Trotz Schuldenkrise und der damit verbundenen zahlreichen Risiken hat der spanische Mobilfunkkonzern Telefónica die Nerven behalten: Die Deutschland-Tochter O2 ist erfolgreich an die Börse gegangen. Der Mut hat sich ausgezahlt: 1,45 Milliarden Euro haben die Iberer mit der Platzierung ihrer Anteile kassiert.

Endlich mal wieder eine besonders erfreuliche Börsennachricht. Der Erfolg von O2 könnte weitere vielversprechende Unternehmen anregen, den Schritt auf das Parkett zu wagen. Das wäre ein Ausdruck dafür, dass sich die Lage an den europäischen Finanzmärkten immerhin ein wenig normalisiert. Vor zu großer Begeisterung sei aber gewarnt, denn die Probleme in der Schuldenkrise bleiben drückend. Vor allem ist kein Ende der Rezession in südeuropäischen Volkswirtschaften in Sicht.

Das zeigt sich schon daran, dass Telefónica seine Einnahmen aus dem O2-Börsengang uneingeschränkt zum Schuldenabbau nutzen möchte. Die Spanier brauchen das Geld dringend, was wiederum weniger Investitionen im Heimatmarkt bedeutet.

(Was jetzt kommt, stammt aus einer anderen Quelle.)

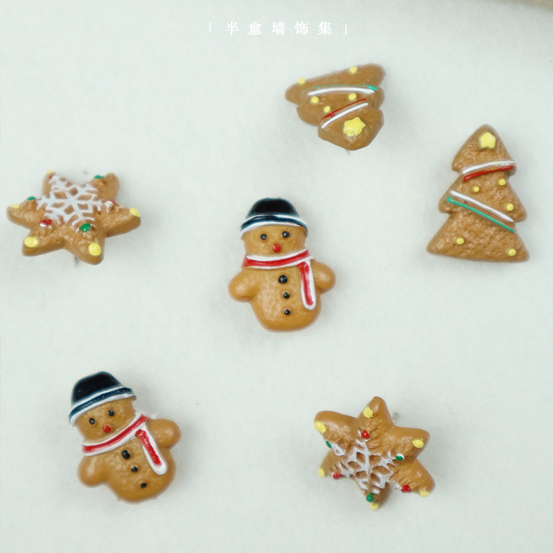 6个装圣诞节姜饼人雪人可爱创意图钉子软木板照片墙装饰毛毡按钉
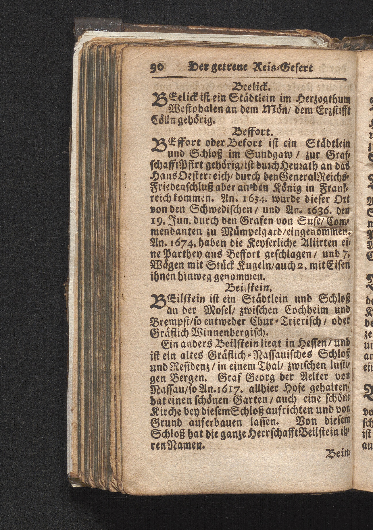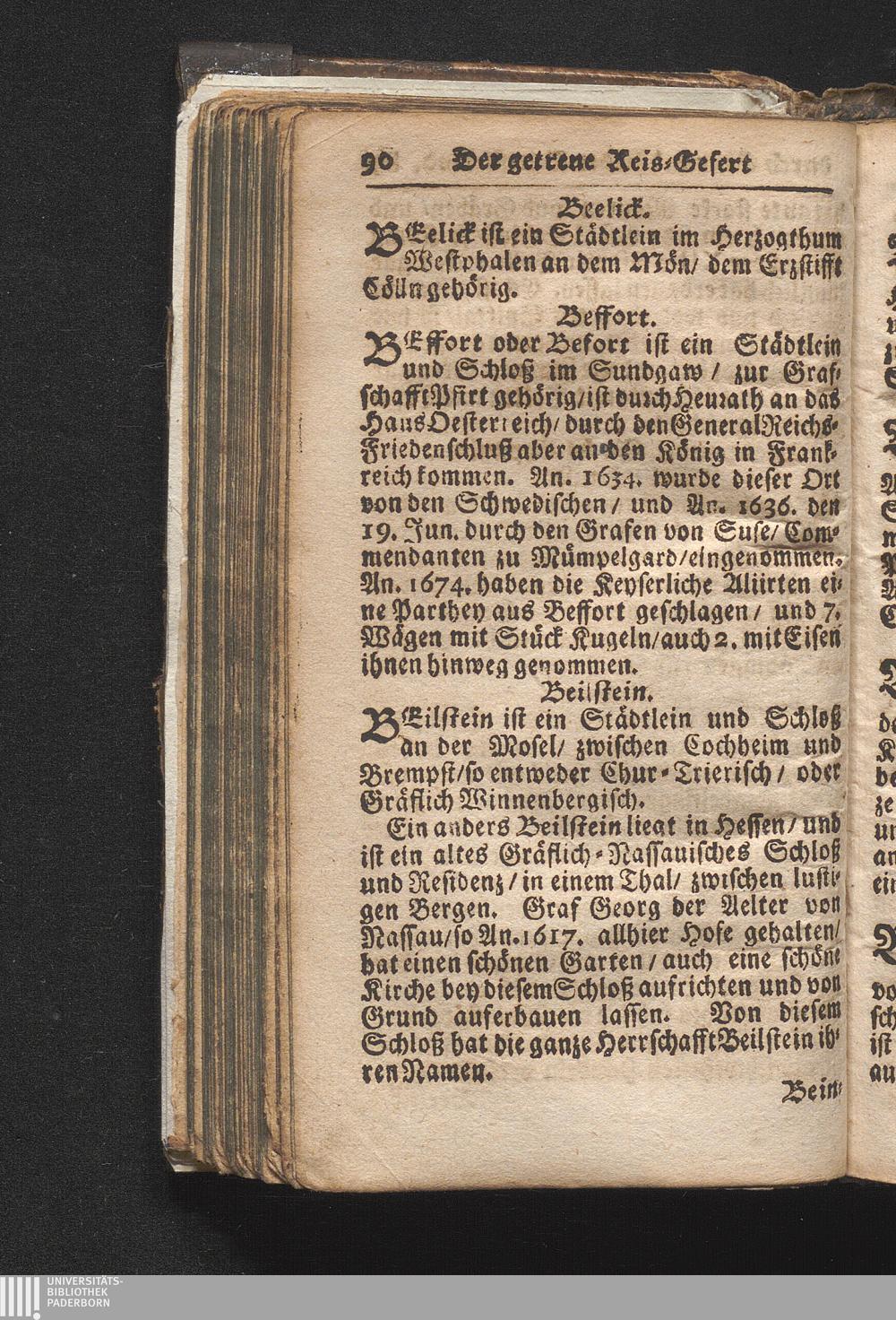 Der getreue Reiß-Gefert durch Ober- und Nieder-Teutschland : Das ist: Grundrichtige und ausführliche Abhandlung derer jenigen Residenzien/ Städte/ Schlösser/ Vestungen/ Städtlein und nahmhafften Markflecken/ welche so wol in Ober- als Nieder-Teutschland/ einem Reisenden sich hin und wieder vorstellig machen und zwar solcher Gestalt/ daß darinn derer Ursprung/ Aufnahm/ Fortification/ Raritäten/ herrliche Gebäue/ und Glück- und Unglücks-Fälle bis auf gegenwärtige Zeit fortgesetzt enthalten. Dabey auch noch über das ein absonderlicher kurz-gefasster Weegweiser angehänget zu finden/ worinnen klärlich zu sehen, wie viel Meilen ein Ort von dem andern entlegen. Alles aus denen bewährtesten Scribenten hervorgesuchet/ zum Nutz-Ergötzen mitgetheilet ...
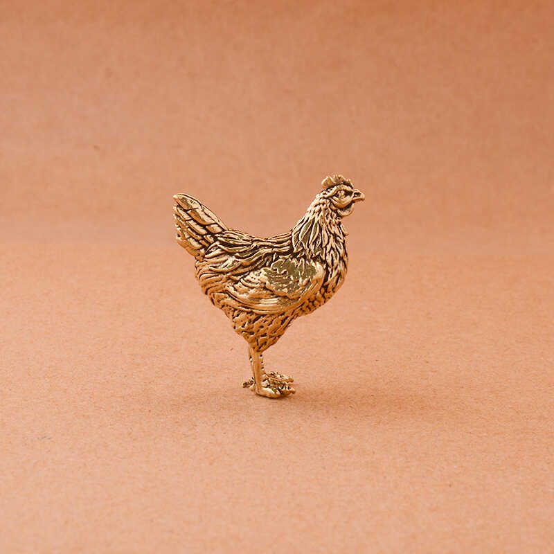 黄铜实心小母鸡桌面小摆件 铜制品鸡黄铜镇纸古玩摆件宠物玩具
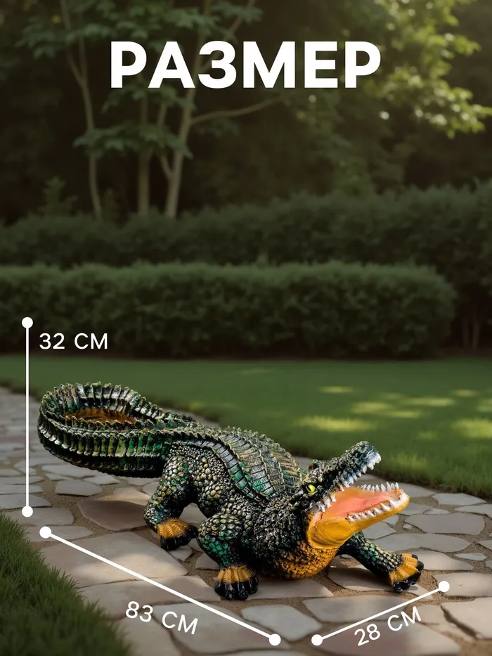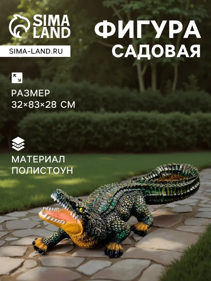 Садовая фигура из полистоуна «Крокодил», 32×83×28 см — Характеристики
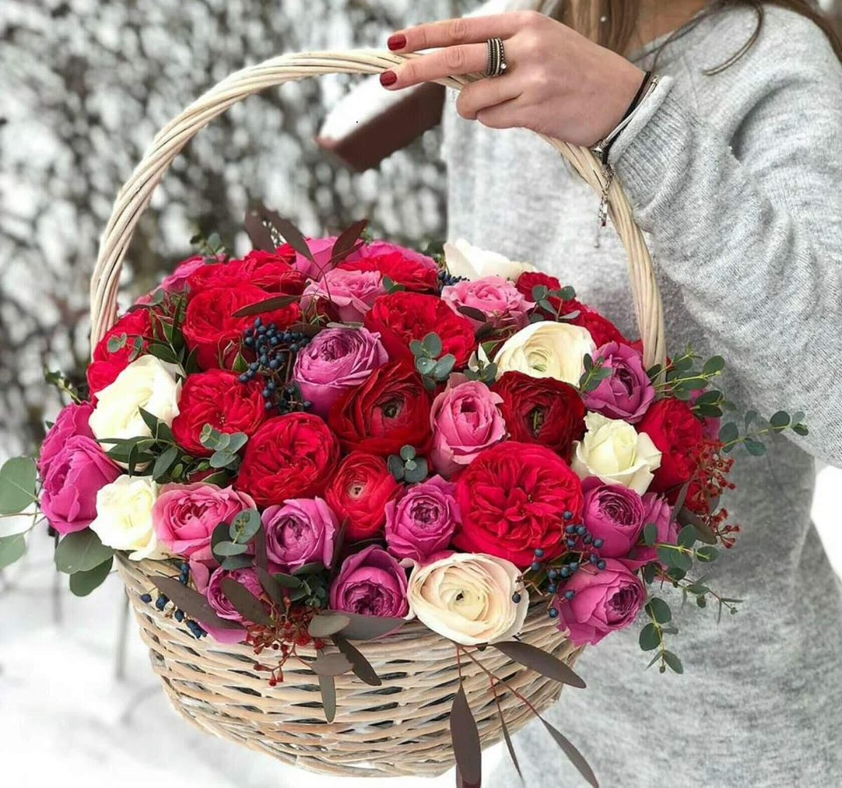 Букеты В Корзинках В Руках Фото 58 фото
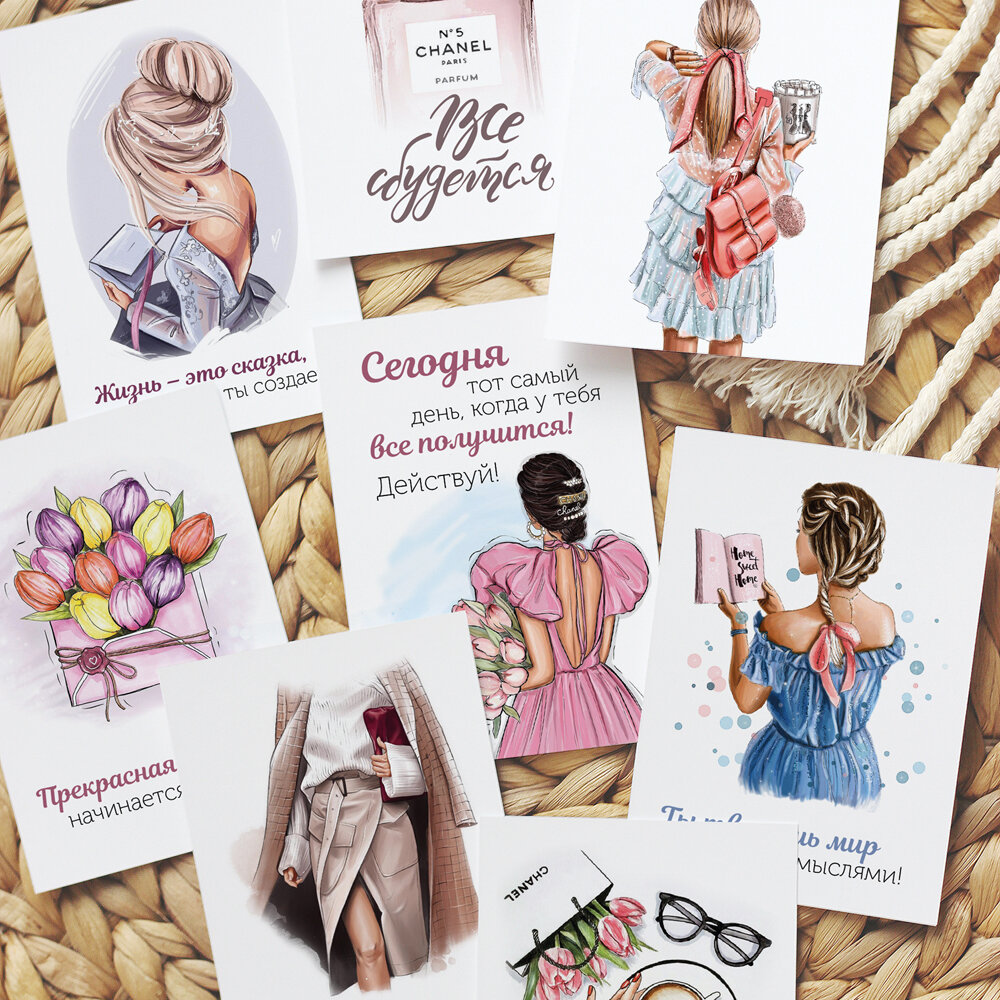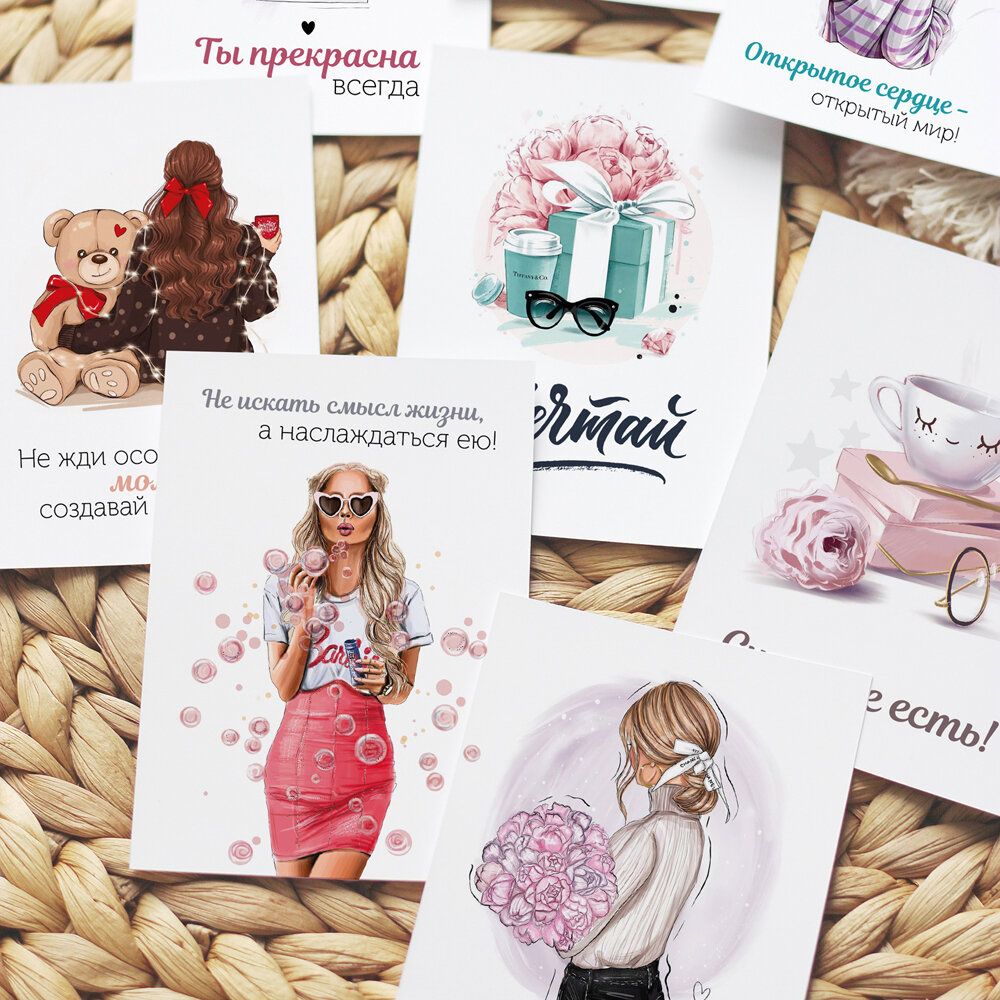 Купить Набор мини открыток от Made4u мотивационные с девушками на упаковку, 32шт
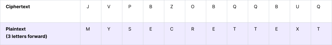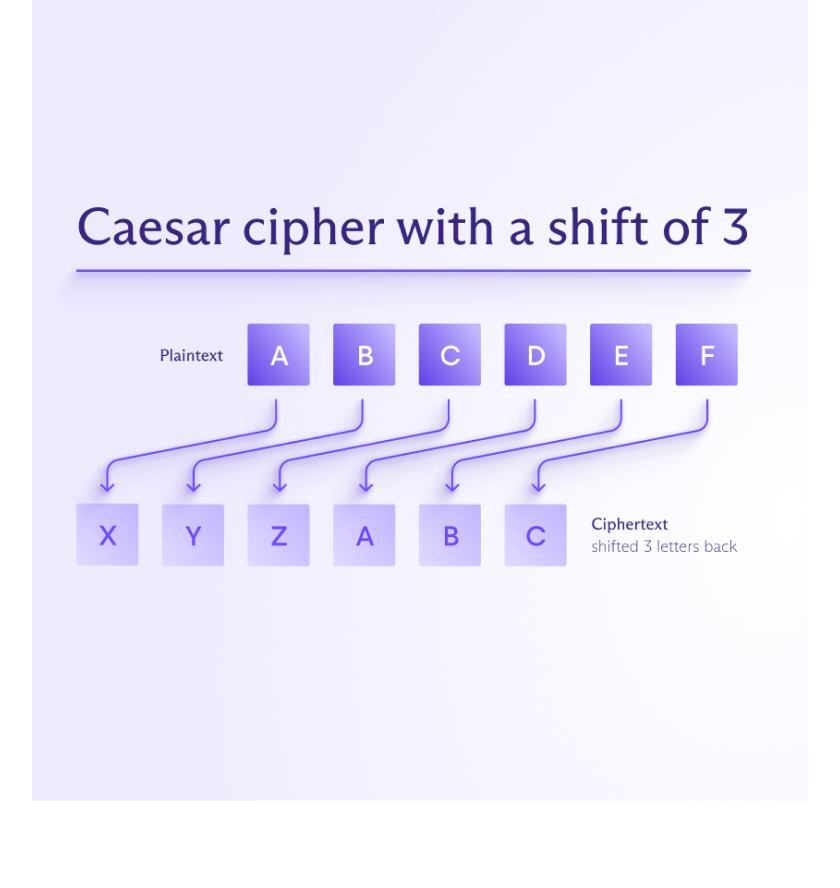 An example of ciphertext created with a Caesar cipher is JV PBZOBQ QBUQ. In this case, each letter of the original message was shifted three letters backward in the alphabet to hide the meaning:
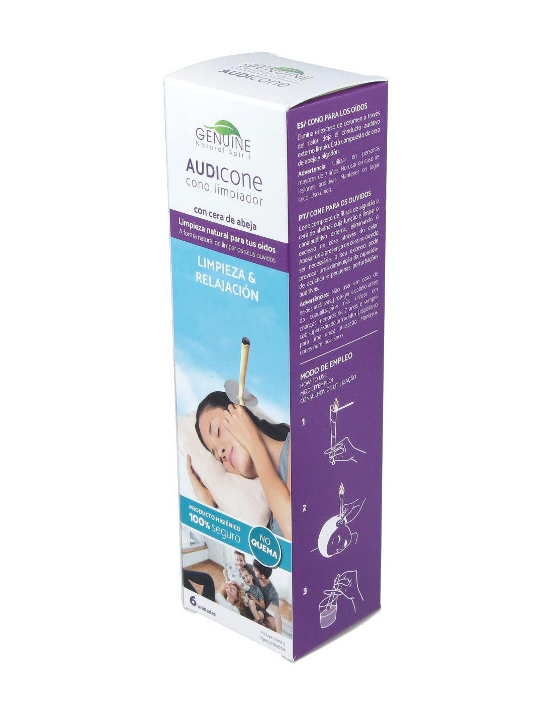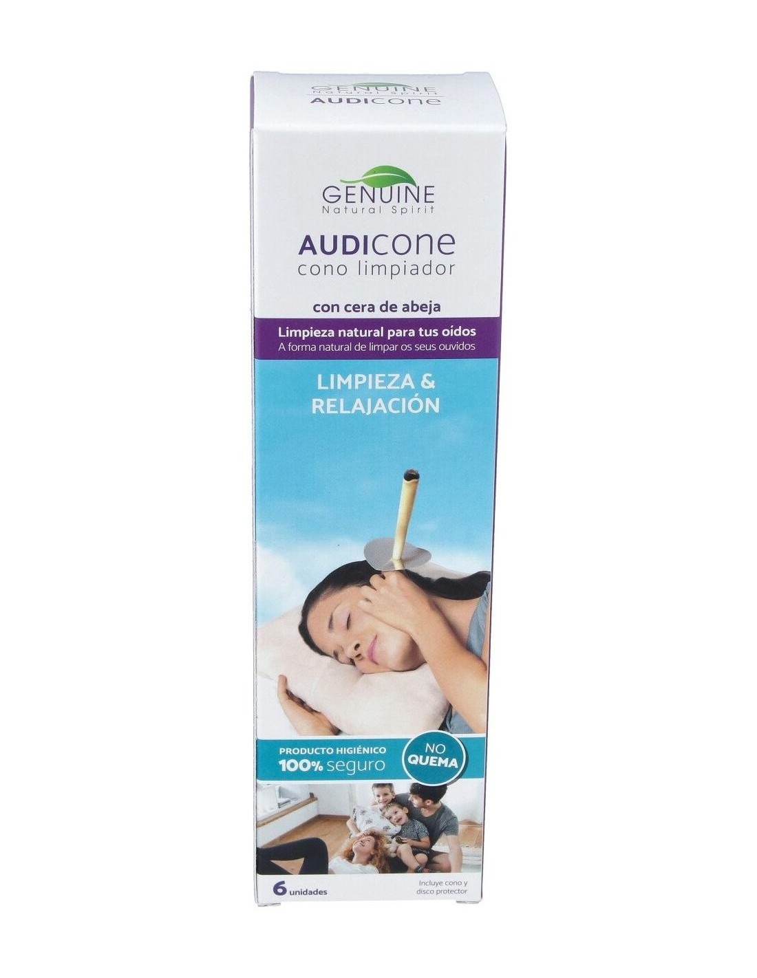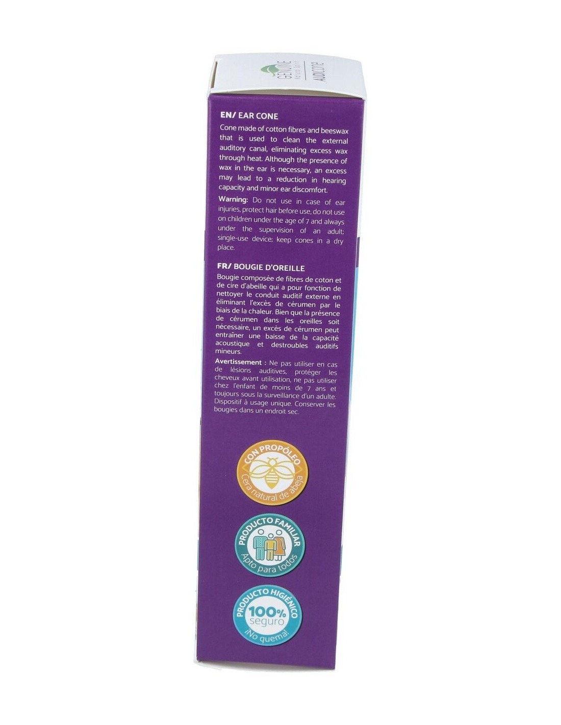 Realizado con tejido natural y cera, contribuye a la eliminación de la cera de los oídos y restablece el equilibrio de la presión auricular evitando la desagradable sensación de oídos tapados.
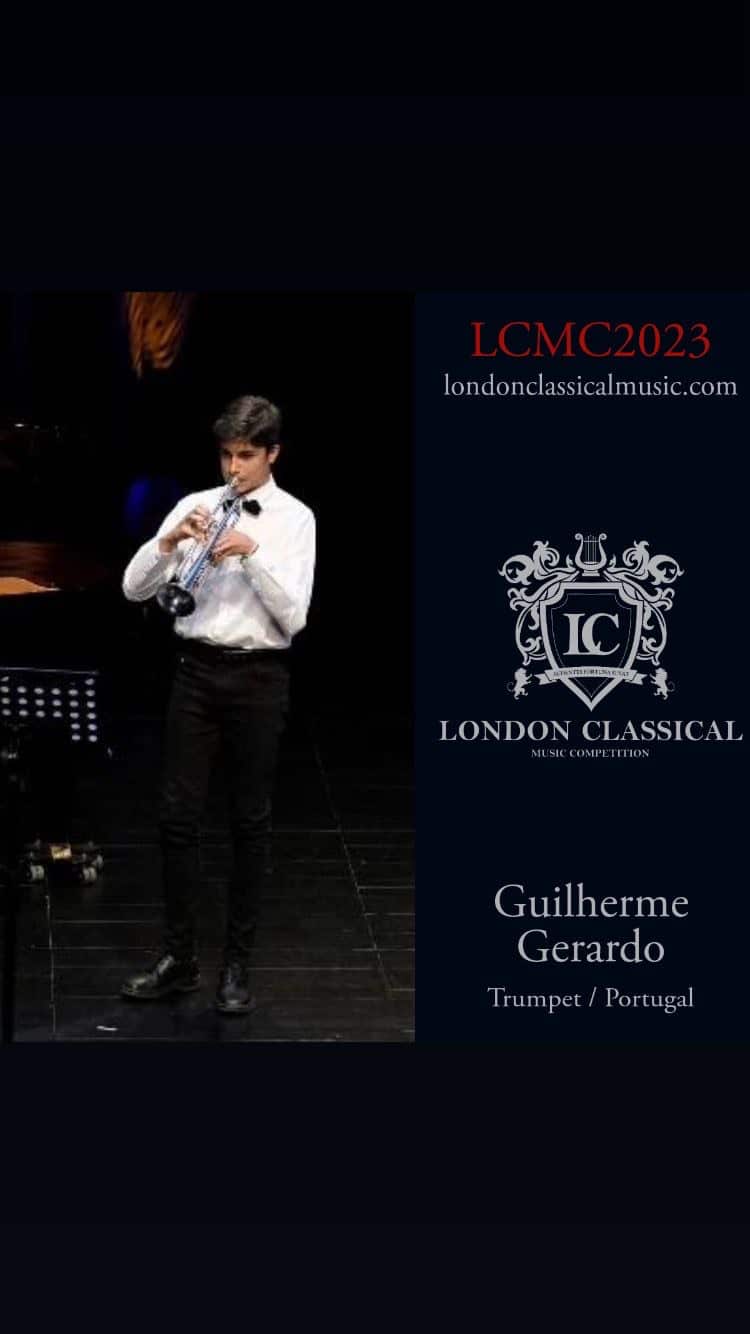 PARABÉNS ao aluno GUILHERME ROMÃO, Trompete, 9.º ano, pelo recente prémio “Gold Prize” atribuído pelo concurso “London Classical Music Competition” – categoria “Young Artist – age 15 & under”.
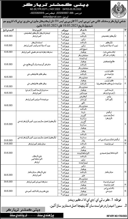 Deputy Commissioner Tharparkar Job Interviews 2023

Auch in Deutschland sind weitere Erfolge keineswegs sicher. Der Markt für Telekommunikation ist hart umkämpft. Teure Investitionen in bessere Netze sind notwendig. Telefónica muss erst noch beweisen, dass es in seiner Deutschland-Tochter nicht nur eine Geldquelle sieht, um sich zumindest teilweise zu sanieren. Sonst könnte es mit der Freude über den geglückten Börsengang schnell vorbei sein.